## [What this task involves]
Return each record unchanged and drop the images.

START Data to use

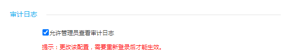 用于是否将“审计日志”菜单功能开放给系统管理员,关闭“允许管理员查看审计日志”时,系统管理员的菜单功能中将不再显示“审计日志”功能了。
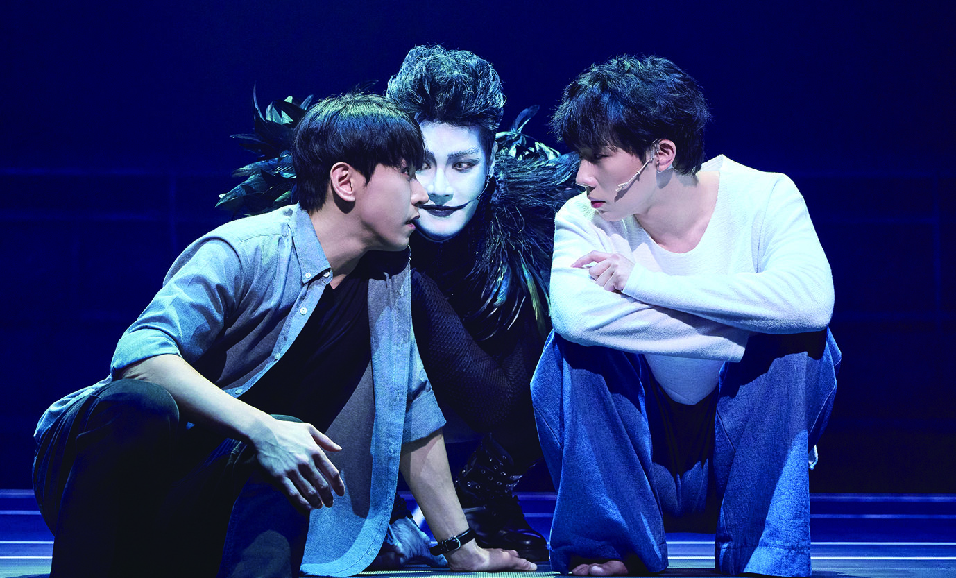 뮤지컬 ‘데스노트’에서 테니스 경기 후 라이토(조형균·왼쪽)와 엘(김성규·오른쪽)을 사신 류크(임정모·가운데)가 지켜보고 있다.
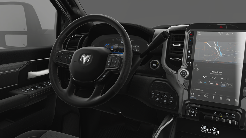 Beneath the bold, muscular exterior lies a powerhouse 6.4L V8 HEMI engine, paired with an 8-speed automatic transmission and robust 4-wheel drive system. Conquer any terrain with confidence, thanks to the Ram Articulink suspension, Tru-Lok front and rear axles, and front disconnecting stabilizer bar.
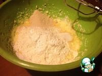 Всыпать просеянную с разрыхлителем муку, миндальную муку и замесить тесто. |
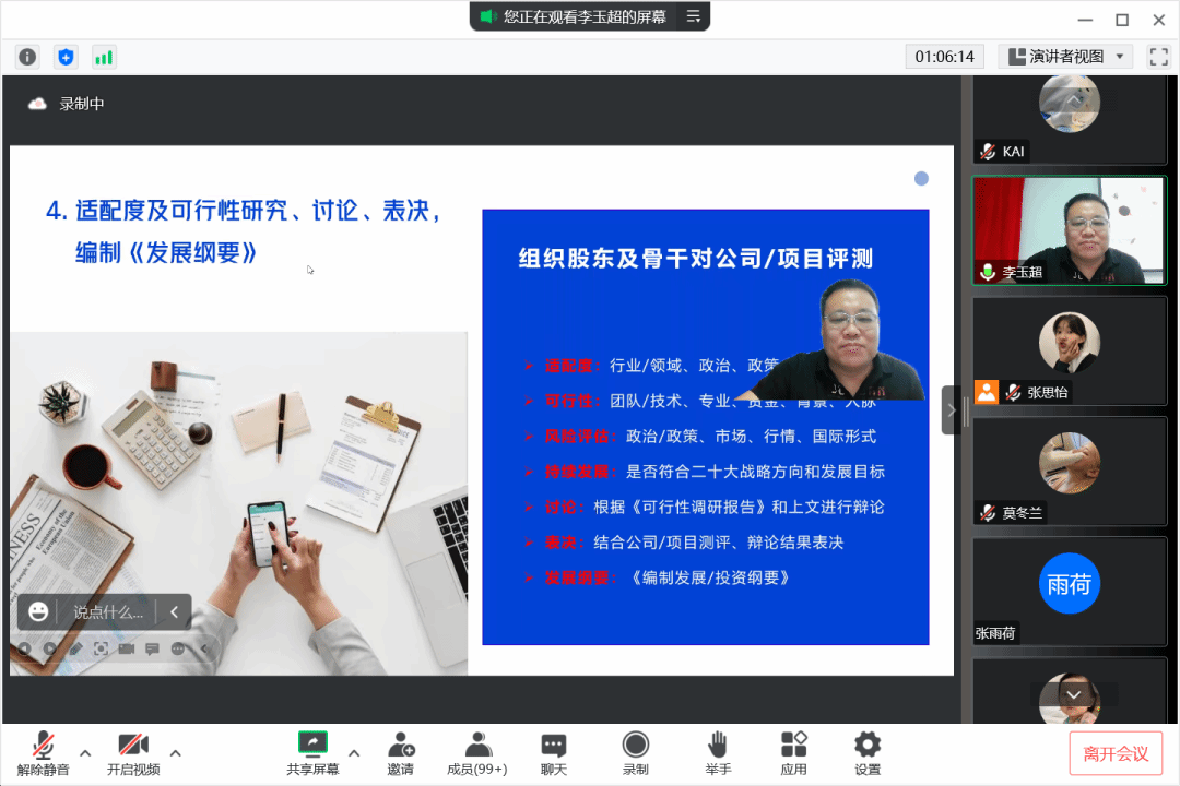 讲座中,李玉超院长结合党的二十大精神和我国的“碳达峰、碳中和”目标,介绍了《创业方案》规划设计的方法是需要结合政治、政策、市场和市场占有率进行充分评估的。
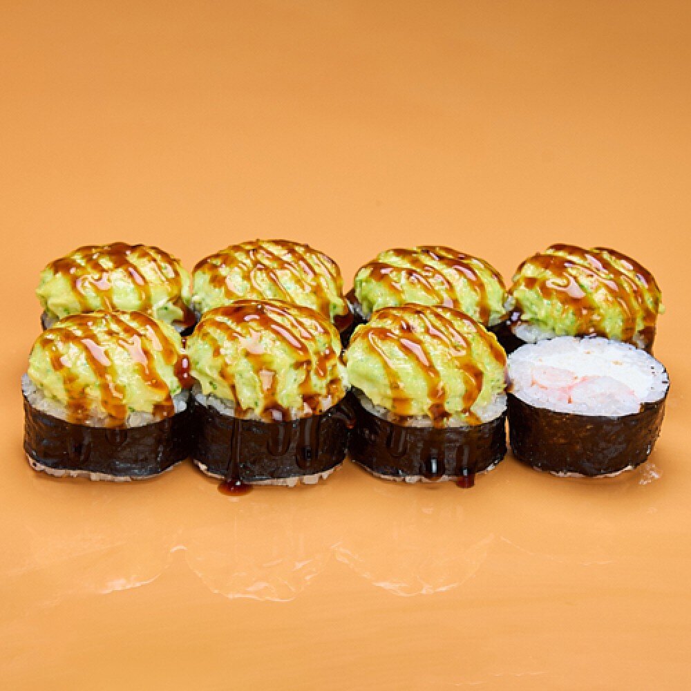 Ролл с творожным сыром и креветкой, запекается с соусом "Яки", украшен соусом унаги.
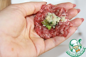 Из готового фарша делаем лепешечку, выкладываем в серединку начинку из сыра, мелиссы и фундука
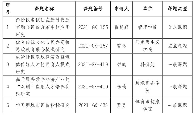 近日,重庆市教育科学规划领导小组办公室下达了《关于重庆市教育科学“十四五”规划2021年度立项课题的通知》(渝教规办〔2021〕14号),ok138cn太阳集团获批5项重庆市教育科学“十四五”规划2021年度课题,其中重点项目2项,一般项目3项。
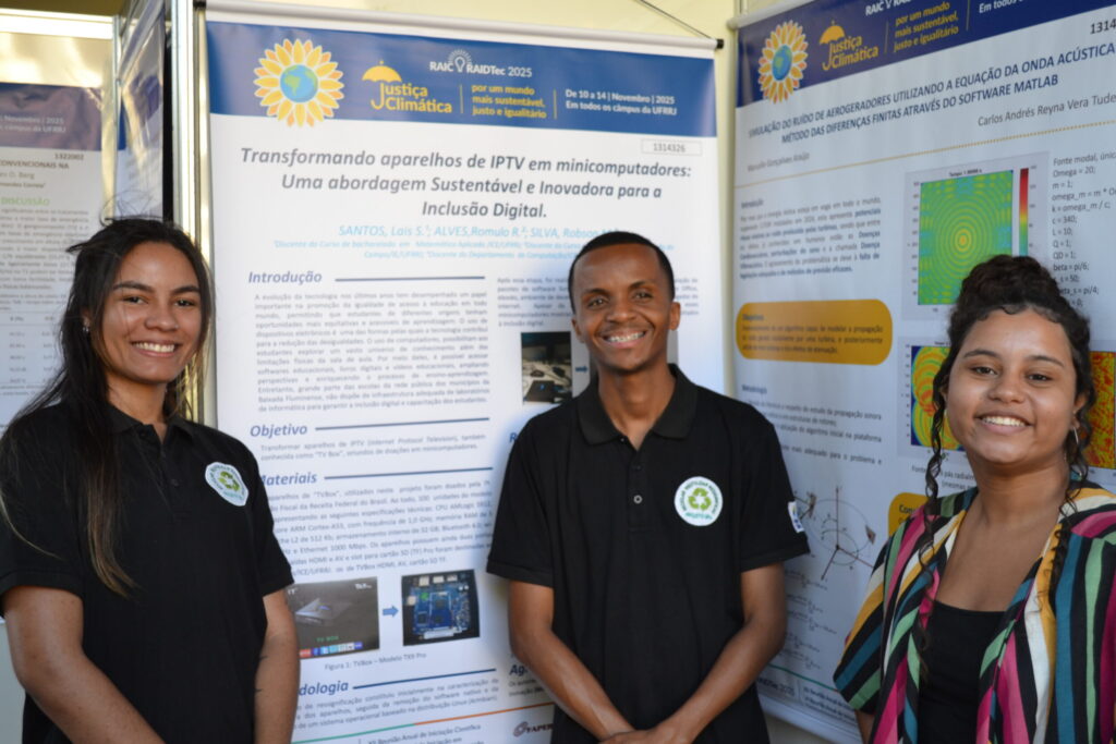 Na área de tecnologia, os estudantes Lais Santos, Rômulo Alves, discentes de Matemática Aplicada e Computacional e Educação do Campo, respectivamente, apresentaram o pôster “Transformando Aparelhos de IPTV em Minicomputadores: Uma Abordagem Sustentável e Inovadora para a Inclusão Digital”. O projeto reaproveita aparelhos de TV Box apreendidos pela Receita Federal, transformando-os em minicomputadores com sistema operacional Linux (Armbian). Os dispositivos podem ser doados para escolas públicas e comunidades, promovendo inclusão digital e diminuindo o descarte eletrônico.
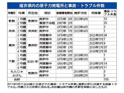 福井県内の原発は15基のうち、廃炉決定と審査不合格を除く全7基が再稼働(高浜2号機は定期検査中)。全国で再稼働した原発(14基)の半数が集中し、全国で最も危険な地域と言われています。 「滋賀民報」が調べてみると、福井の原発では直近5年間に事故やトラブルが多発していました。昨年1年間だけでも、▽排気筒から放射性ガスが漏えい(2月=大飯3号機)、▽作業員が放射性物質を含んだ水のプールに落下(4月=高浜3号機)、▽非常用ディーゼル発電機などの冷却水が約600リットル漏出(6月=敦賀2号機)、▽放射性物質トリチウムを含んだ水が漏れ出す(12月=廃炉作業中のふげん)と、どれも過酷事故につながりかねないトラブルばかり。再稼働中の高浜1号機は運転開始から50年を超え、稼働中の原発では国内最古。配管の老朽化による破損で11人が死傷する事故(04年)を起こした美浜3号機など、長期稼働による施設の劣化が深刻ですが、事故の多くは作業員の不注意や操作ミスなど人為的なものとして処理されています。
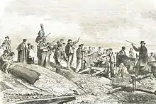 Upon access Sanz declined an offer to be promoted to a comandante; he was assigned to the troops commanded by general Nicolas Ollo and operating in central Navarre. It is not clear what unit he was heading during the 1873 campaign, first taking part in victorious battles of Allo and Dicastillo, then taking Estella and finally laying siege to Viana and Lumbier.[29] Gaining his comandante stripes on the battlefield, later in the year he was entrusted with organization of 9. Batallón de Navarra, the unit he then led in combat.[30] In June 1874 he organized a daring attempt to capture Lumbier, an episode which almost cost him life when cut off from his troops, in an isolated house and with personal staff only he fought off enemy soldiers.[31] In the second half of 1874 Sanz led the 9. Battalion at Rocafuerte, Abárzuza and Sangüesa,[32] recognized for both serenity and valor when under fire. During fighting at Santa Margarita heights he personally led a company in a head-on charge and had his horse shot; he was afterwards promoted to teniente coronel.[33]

END Data to use

## [Result of the exercise]
 用于是否将“审计日志”菜单功能开放给系统管理员,关闭“允许管理员查看审计日志”时,系统管理员的菜单功能中将不再显示“审计日志”功能了。
 뮤지컬 ‘데스노트’에서 테니스 경기 후 라이토(조형균·왼쪽)와 엘(김성규·오른쪽)을 사신 류크(임정모·가운데)가 지켜보고 있다.
 Beneath the bold, muscular exterior lies a powerhouse 6.4L V8 HEMI engine, paired with an 8-speed automatic transmission and robust 4-wheel drive system. Conquer any terrain with confidence, thanks to the Ram Articulink suspension, Tru-Lok front and rear axles, and front disconnecting stabilizer bar.
 Всыпать просеянную с разрыхлителем муку, миндальную муку и замесить тесто. |
 讲座中,李玉超院长结合党的二十大精神和我国的“碳达峰、碳中和”目标,介绍了《创业方案》规划设计的方法是需要结合政治、政策、市场和市场占有率进行充分评估的。
 Ролл с творожным сыром и креветкой, запекается с соусом "Яки", украшен соусом унаги.
 Из готового фарша делаем лепешечку, выкладываем в серединку начинку из сыра, мелиссы и фундука
 近日,重庆市教育科学规划领导小组办公室下达了《关于重庆市教育科学“十四五”规划2021年度立项课题的通知》(渝教规办〔2021〕14号),ok138cn太阳集团获批5项重庆市教育科学“十四五”规划2021年度课题,其中重点项目2项,一般项目3项。
 Na área de tecnologia, os estudantes Lais Santos, Rômulo Alves, discentes de Matemática Aplicada e Computacional e Educação do Campo, respectivamente, apresentaram o pôster “Transformando Aparelhos de IPTV em Minicomputadores: Uma Abordagem Sustentável e Inovadora para a Inclusão Digital”. O projeto reaproveita aparelhos de TV Box apreendidos pela Receita Federal, transformando-os em minicomputadores com sistema operacional Linux (Armbian). Os dispositivos podem ser doados para escolas públicas e comunidades, promovendo inclusão digital e diminuindo o descarte eletrônico.
 福井県内の原発は15基のうち、廃炉決定と審査不合格を除く全7基が再稼働(高浜2号機は定期検査中)。全国で再稼働した原発(14基)の半数が集中し、全国で最も危険な地域と言われています。 「滋賀民報」が調べてみると、福井の原発では直近5年間に事故やトラブルが多発していました。昨年1年間だけでも、▽排気筒から放射性ガスが漏えい(2月=大飯3号機)、▽作業員が放射性物質を含んだ水のプールに落下(4月=高浜3号機)、▽非常用ディーゼル発電機などの冷却水が約600リットル漏出(6月=敦賀2号機)、▽放射性物質トリチウムを含んだ水が漏れ出す(12月=廃炉作業中のふげん)と、どれも過酷事故につながりかねないトラブルばかり。再稼働中の高浜1号機は運転開始から50年を超え、稼働中の原発では国内最古。配管の老朽化による破損で11人が死傷する事故(04年)を起こした美浜3号機など、長期稼働による施設の劣化が深刻ですが、事故の多くは作業員の不注意や操作ミスなど人為的なものとして処理されています。
 Upon access Sanz declined an offer to be promoted to a comandante; he was assigned to the troops commanded by general Nicolas Ollo and operating in central Navarre. It is not clear what unit he was heading during the 1873 campaign, first taking part in victorious battles of Allo and Dicastillo, then taking Estella and finally laying siege to Viana and Lumbier.[29] Gaining his comandante stripes on the battlefield, later in the year he was entrusted with organization of 9. Batallón de Navarra, the unit he then led in combat.[30] In June 1874 he organized a daring attempt to capture Lumbier, an episode which almost cost him life when cut off from his troops, in an isolated house and with personal staff only he fought off enemy soldiers.[31] In the second half of 1874 Sanz led the 9. Battalion at Rocafuerte, Abárzuza and Sangüesa,[32] recognized for both serenity and valor when under fire. During fighting at Santa Margarita heights he personally led a company in a head-on charge and had his horse shot; he was afterwards promoted to teniente coronel.[33]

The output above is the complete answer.